Stablecoins, the product form closest to RWA in crypto finance, are facing an unprecedented regulatory transformation. On June 18, 2025, at dawn, the US Senate passed the GENIUS Act (Giving Every Nation a United Stablecoin) with 68 votes in favor and 30 against, marking the first time the United States has established a clear regulatory path for stablecoins at the federal level, signaling a critical turning point for crypto assets from technical experimentation to institutionalization.
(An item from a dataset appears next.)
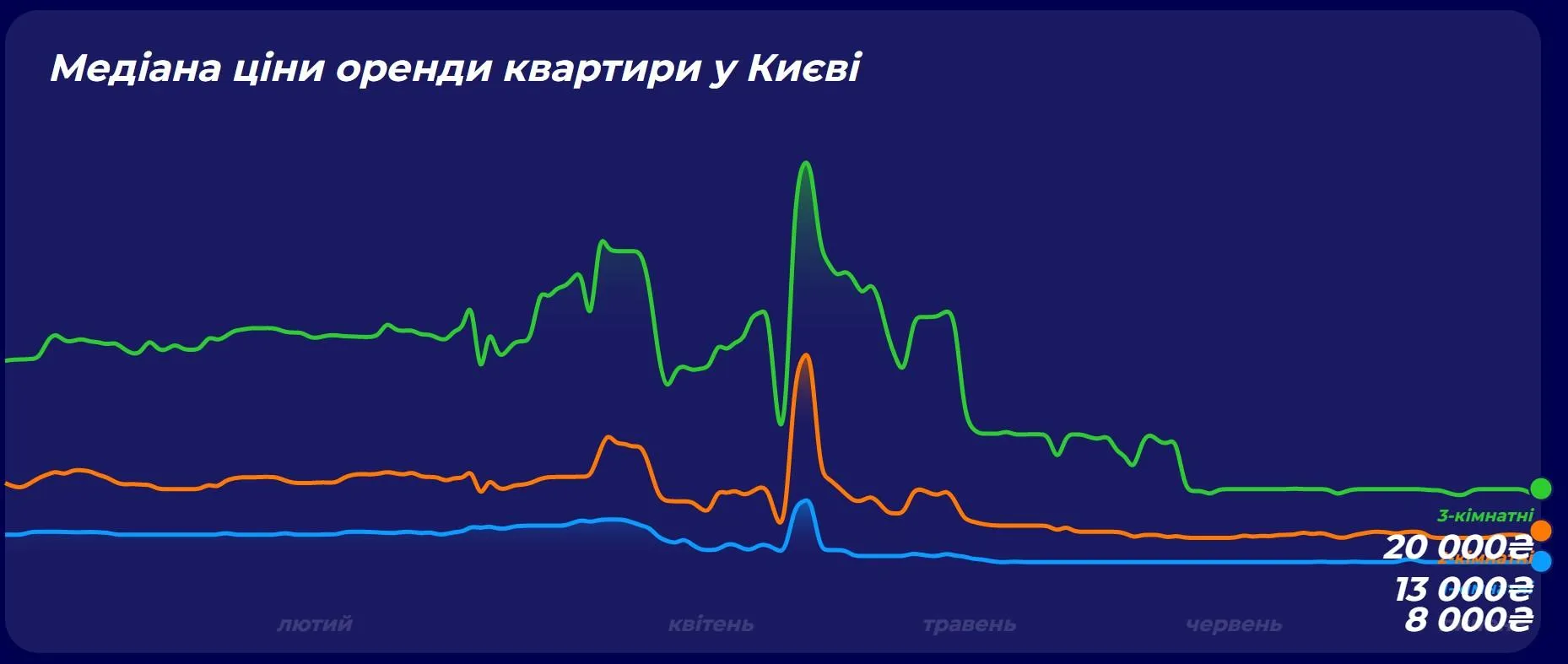 - 1-кімнатні: ціна знизилася 13 000 до 8 000 гривень (падіння на 38%);

Note: Currently pending in the House of Representatives
Simultaneously, Hong Kong has made forward-looking arrangements through the Stablecoin Ordinance and future related license applications, and will officially begin accepting stablecoin issuance license applications on August 1, becoming the world's first financial center to implement a local stablecoin licensing mechanism.
The new compliance cycle represented by the United States and Hong Kong may profoundly reshape the position of stablecoins in the global financial system, and the underlying currents behind these variables are accelerating to the forefront.
01 United States: Firing the First Shot in Stablecoin Regulation
Over the past 5 years, what has been the most successful crypto financial product globally?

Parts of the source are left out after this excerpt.